§ Data
= Beginning of Section =

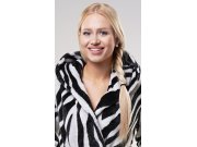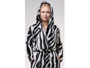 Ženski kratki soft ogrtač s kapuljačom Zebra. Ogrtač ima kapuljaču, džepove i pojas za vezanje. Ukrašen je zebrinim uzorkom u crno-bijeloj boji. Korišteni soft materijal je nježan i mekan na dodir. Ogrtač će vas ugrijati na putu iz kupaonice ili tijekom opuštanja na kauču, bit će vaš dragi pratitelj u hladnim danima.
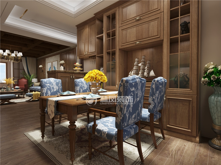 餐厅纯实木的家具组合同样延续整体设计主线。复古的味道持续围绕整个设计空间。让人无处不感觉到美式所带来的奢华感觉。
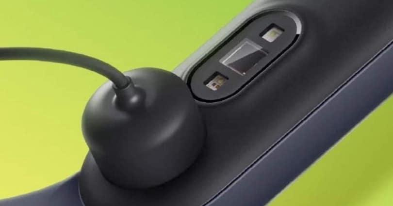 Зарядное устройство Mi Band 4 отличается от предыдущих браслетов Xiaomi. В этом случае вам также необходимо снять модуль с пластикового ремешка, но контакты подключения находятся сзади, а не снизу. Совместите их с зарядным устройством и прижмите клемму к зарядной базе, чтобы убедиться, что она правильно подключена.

= End of Section =

§ Activity
Write out exactly the lines that run from the top of the listing above to the line containing "餐厅纯实木的家具组合同样延续", both ends included. Omit every picture.

§ Response to this exercise
 Ženski kratki soft ogrtač s kapuljačom Zebra. Ogrtač ima kapuljaču, džepove i pojas za vezanje. Ukrašen je zebrinim uzorkom u crno-bijeloj boji. Korišteni soft materijal je nježan i mekan na dodir. Ogrtač će vas ugrijati na putu iz kupaonice ili tijekom opuštanja na kauču, bit će vaš dragi pratitelj u hladnim danima.
 餐厅纯实木的家具组合同样延续整体设计主线。复古的味道持续围绕整个设计空间。让人无处不感觉到美式所带来的奢华感觉。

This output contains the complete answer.